» Task goal
Among the entries below, take the line with "Lists serve as" and the line with "뉴스팍 배상미 기자 |", and output them and every line between them exactly, with nothing else.

» Information supplied
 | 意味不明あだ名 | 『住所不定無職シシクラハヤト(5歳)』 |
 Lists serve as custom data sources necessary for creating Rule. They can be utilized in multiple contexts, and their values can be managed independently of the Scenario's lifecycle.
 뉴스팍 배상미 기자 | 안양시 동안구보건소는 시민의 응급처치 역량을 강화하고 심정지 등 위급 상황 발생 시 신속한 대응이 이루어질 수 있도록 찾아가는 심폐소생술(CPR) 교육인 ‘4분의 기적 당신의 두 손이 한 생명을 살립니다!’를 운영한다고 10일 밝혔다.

---

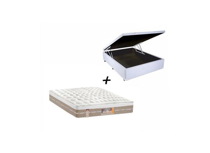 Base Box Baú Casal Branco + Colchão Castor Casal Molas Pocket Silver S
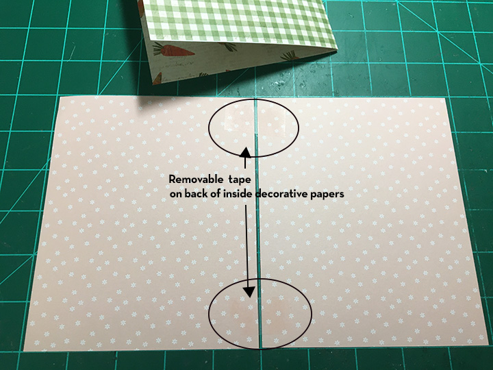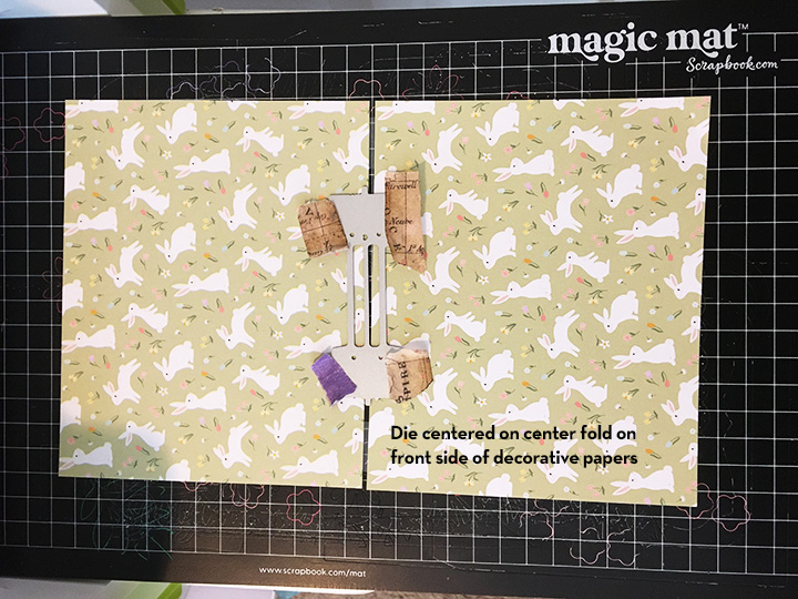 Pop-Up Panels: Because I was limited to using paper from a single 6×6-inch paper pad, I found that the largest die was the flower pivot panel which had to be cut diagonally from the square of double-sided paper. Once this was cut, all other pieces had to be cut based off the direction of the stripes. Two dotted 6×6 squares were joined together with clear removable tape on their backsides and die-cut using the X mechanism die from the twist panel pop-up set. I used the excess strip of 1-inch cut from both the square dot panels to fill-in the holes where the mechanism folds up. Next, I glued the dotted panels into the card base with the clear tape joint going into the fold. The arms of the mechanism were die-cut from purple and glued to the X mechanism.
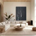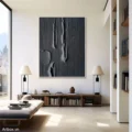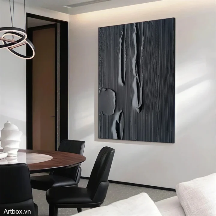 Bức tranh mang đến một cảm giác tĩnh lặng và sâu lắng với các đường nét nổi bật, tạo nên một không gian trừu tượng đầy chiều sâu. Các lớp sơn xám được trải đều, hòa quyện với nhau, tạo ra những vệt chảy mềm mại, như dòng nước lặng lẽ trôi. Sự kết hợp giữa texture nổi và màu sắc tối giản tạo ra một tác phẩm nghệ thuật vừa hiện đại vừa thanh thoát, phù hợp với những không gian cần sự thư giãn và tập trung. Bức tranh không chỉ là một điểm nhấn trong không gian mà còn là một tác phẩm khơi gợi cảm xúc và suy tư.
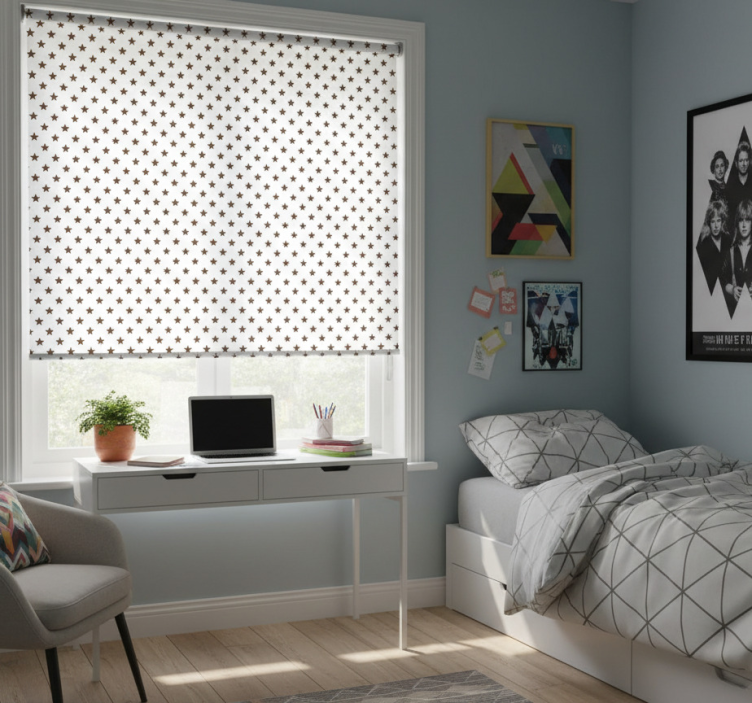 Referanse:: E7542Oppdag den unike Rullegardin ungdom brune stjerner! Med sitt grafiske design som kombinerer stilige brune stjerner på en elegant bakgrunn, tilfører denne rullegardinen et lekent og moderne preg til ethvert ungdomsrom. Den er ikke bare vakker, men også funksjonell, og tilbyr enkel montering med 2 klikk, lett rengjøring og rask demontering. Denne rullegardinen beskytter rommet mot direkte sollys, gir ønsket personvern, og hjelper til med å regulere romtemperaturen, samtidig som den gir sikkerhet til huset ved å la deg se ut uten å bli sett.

==

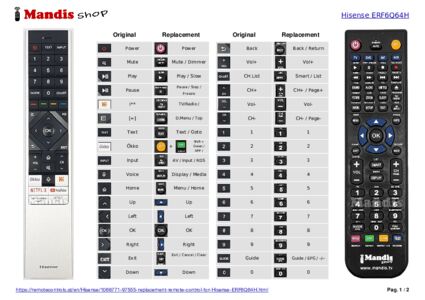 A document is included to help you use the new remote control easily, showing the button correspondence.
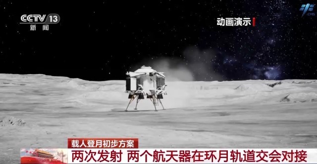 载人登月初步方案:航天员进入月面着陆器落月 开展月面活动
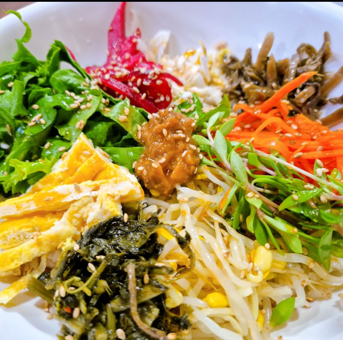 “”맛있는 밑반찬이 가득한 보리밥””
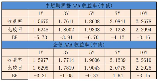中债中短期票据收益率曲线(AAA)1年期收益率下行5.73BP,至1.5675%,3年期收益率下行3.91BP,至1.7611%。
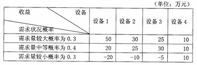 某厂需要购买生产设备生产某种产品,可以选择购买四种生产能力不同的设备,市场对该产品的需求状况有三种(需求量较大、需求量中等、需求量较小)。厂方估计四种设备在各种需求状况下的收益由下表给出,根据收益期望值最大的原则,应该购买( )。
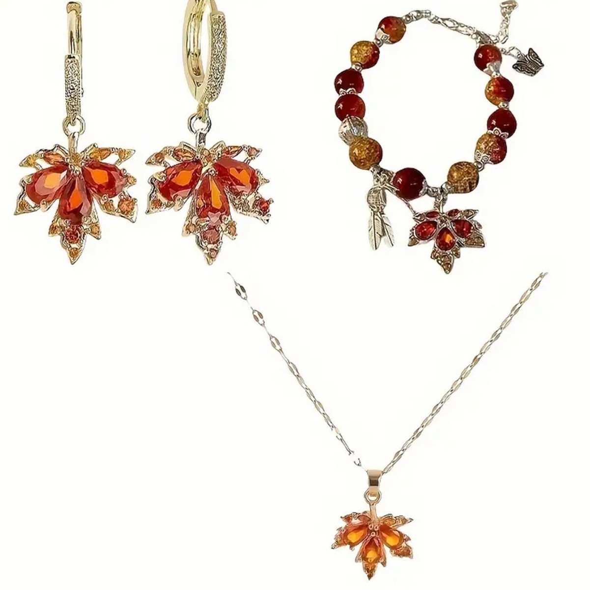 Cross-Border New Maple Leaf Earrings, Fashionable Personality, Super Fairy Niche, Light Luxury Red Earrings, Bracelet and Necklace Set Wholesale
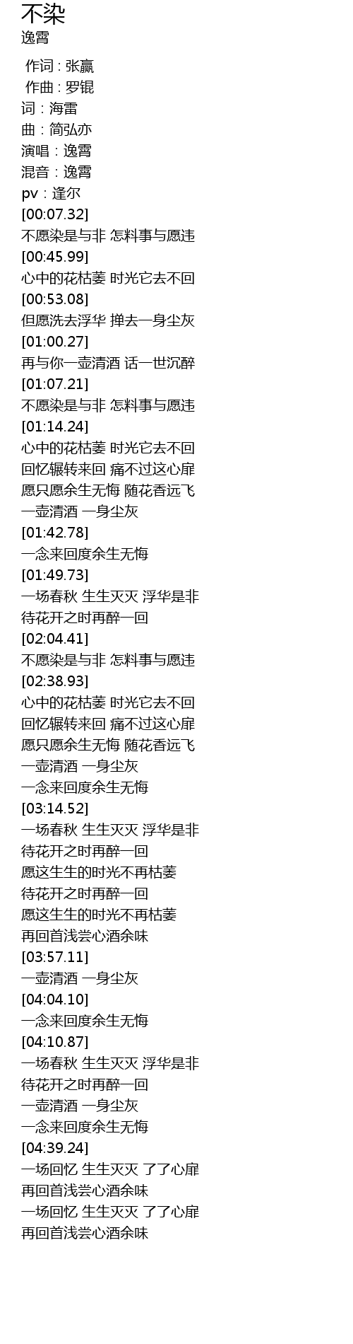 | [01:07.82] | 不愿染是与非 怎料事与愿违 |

» Solution below
 Lists serve as custom data sources necessary for creating Rule. They can be utilized in multiple contexts, and their values can be managed independently of the Scenario's lifecycle.
 뉴스팍 배상미 기자 | 안양시 동안구보건소는 시민의 응급처치 역량을 강화하고 심정지 등 위급 상황 발생 시 신속한 대응이 이루어질 수 있도록 찾아가는 심폐소생술(CPR) 교육인 ‘4분의 기적 당신의 두 손이 한 생명을 살립니다!’를 운영한다고 10일 밝혔다.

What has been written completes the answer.